E per quanto riguarda il sud delle Marche?
«Va meglio per quello che riguarda lo scorrimento superficiale delle acque, quindi le portate dei fiumi e lo stato delle falde in generale. Ma rimane il gravissimo problema delle sorgenti che sono state cancellate dal terremoto. La portata della diga di Gerosa, ad esempio, è passata da circa 600 litri al secondo l’anno scorso agli attuali 200. Il che mette in crisi gran parte dell’ascolano e il fermano, dalle montagne alle aree costiere. E’ poco noto, ma è in corso un razionamento notturno dell’erogazione dell’acqua potabile».

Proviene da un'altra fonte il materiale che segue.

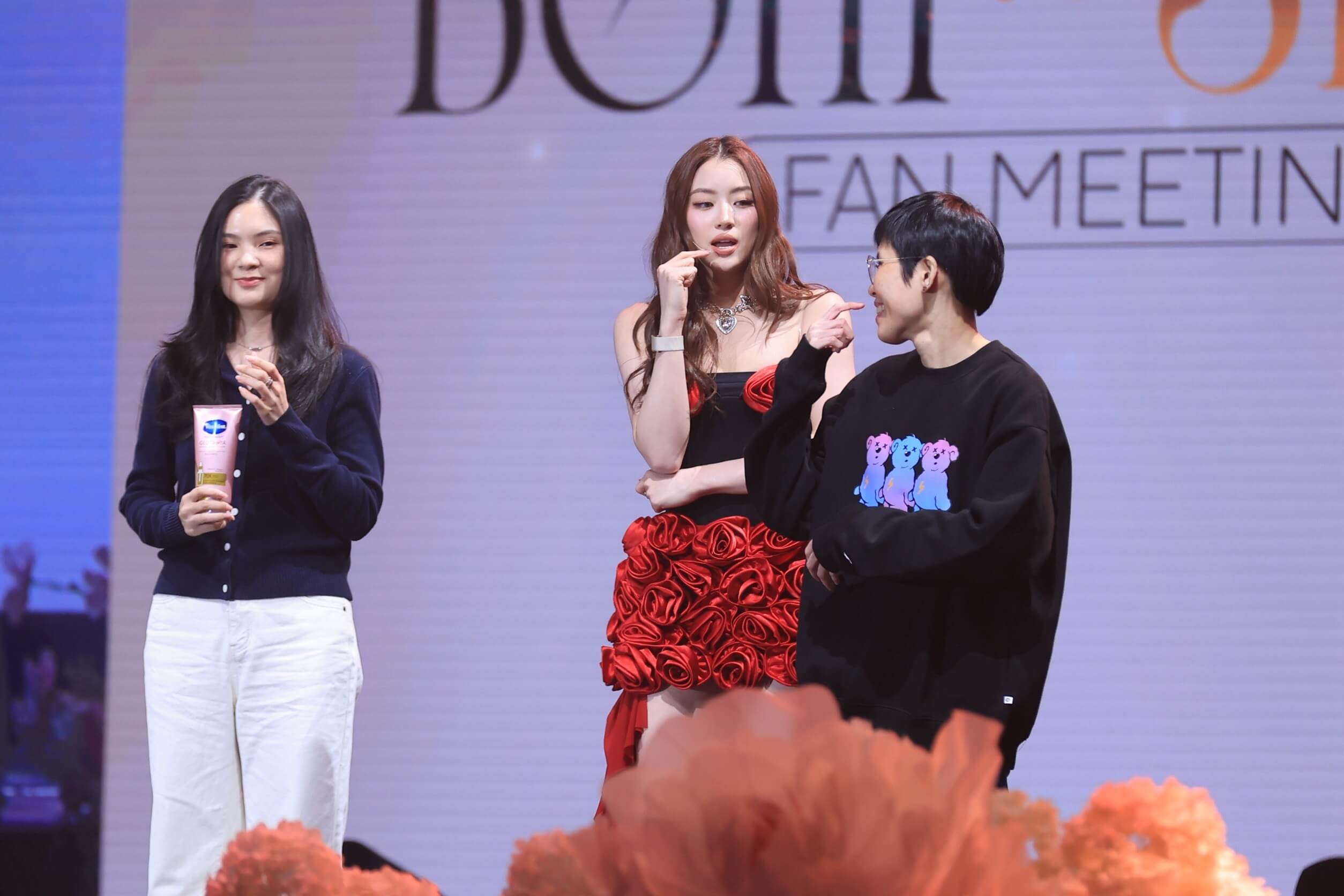 นับว่าเป็นการรวมตัวของเหล่าชาว Gumber bear ที่เต็มไปด้วยความรักและความคิดถึงสองสาวกันสุดใจ เพราะได้รวมตัวกันจัดซุ้มสวย ๆ ให้เป็นของขวัญกันได้ถ่ายรูปกันแบบฟิน ๆ งานนี้ทำเอาทุกคนใจฟูไปตาม ๆ กัน เพราะนอกจากจะได้เห็นความน่ารักละมุนของทั้งคู่แล้ว ยังมีโมเมนต์และเซอร์ไพรส์สุดพิเศษที่นำมาเสิร์ฟแบบไม่ยั้งโดยมีพิธีกรอารมณ์ดี “แพท ณปภา ตันตระกูล” รับหน้าที่พาแฟน ๆ อินไปกับทุกโมเมนต์ โดย “ลีน่า-หมิว” เปิดเวทีมาแบบอลังการด้วยโชว์เพลง “WONDERING” ที่พาทุกคนเข้าสู่โลกแฟนตาซี GUMBER BEAR LAND ก่อนที่ลีน่าและหมิวจะออกมาทักทายแฟนคลับท่ามกลางเสียงกรี๊ดสนั่นฮอลล์ พร้อมเล่าถึงคอนเซ็ปต์งานและความตั้งใจที่อยากมอบช่วงเวลาพิเศษให้ทุกคน ความสนุกยังไม่หมดแค่นั้น เพราะมีเกมเรียกเสียงหัวเราะอย่าง “Mirror Mirror จงบอกข้าเถิด ใครโพสต์ท่าเริ่ด! ที่สุดในเวที” ที่เปิดโอกาสให้แฟน ๆ ได้ขึ้นเวทีมาเล่นสนุกแบบใกล้ชิด เพราะต้องก๊อปปี้ท่าให้เป๊ะ เสมือนมองกระจก ทำเอาสองสาวกับแฟนคลับเขินจนเก็บอาการกันไม่อยู่ในช่วง FAN CAM ACTIVITY ก่อนจะสาดเสน่ห์ออร่ากันต่อด้วยโชว์เดี่ยวสุดปังในเพลง “Feat” ของ ลีน่า สวมบท Madame Lee เจ้าของ Secret Garden ร้อง เต้น กับ Gazebo ในมู้ดสุดเซ็กซี่ และเพลง “Bad Shawty” ของ หมิว ที่สวมบท Lady M ตัวแม่ในแนว Cute Vibes เรียกว่าทั้งคู่แดนซ์สะบัดไม่เกรงใจสะโพกกันเลยทีเดียว ก่อนพักเบรกในเกม “Radiance Re-Dance แดนซ์เล่นแสงโชว์ผิวฉ่ำวาว” ที่ได้จับฉลากสุ่มผู้โชคดีขึ้นมาร่วมจอย โดยแฟน ๆ จะได้เห็นบทบาทเมนเทอร์ของ

Ma quali sono le soluzioni?
«Trattenere una parte dei 9 miliardi di metri cubi di acqua che cadono ogni anno sulla nostra regione. Oggi ne captiamo una quantità ridicola: 75 milioni. Il quadro è pessimo: le piogge sono più rade e più concentrate, le falde non hanno tempo di ricaricarsi e la piena dei fiumi finisce direttamente in mare senza svolgere nessuna funzione». 
E come se ne esce?
«Avviare un programma di costruzione di grandi dighe non lo ritengo possibile: la geomorfologia del territorio non lo consente. Mentre moltiplicare le vasche di accumulo per l’acqua potabile è del tutto fattibile purché siano funzionali e si lavori anche sulle falde superficiali».
Può spiegare meglio?
«Gli invasi devono avere la corretta massa critica. Troppo piccoli rischiano di trasformarsi in stagni, perché non generano l’autodepurazione. Ma neanche farli giganteschi è una soluzione. Dobbiamo sfruttare gli antichi paesaggi fluviali e andare a riscoprire le antiche vie delle acque soprattutto nelle pianure medio collinari, quelle da cui il corso del fiume si è allontanato».
Con quale obiettivo?
«L’obiettivo deve essere quello di intercettare le piogge, le “bombe d’acqua”, tutti i locali nubifragi. Dobbiamo fare quello che la natura non riesce più a fare da sola: ripartire dal letto del fiume che quando abbandona un sito lascia una massa ghiaiosa, permeabile, e aiutare l’acqua delle piogge a ritrovare gli antichi percorsi».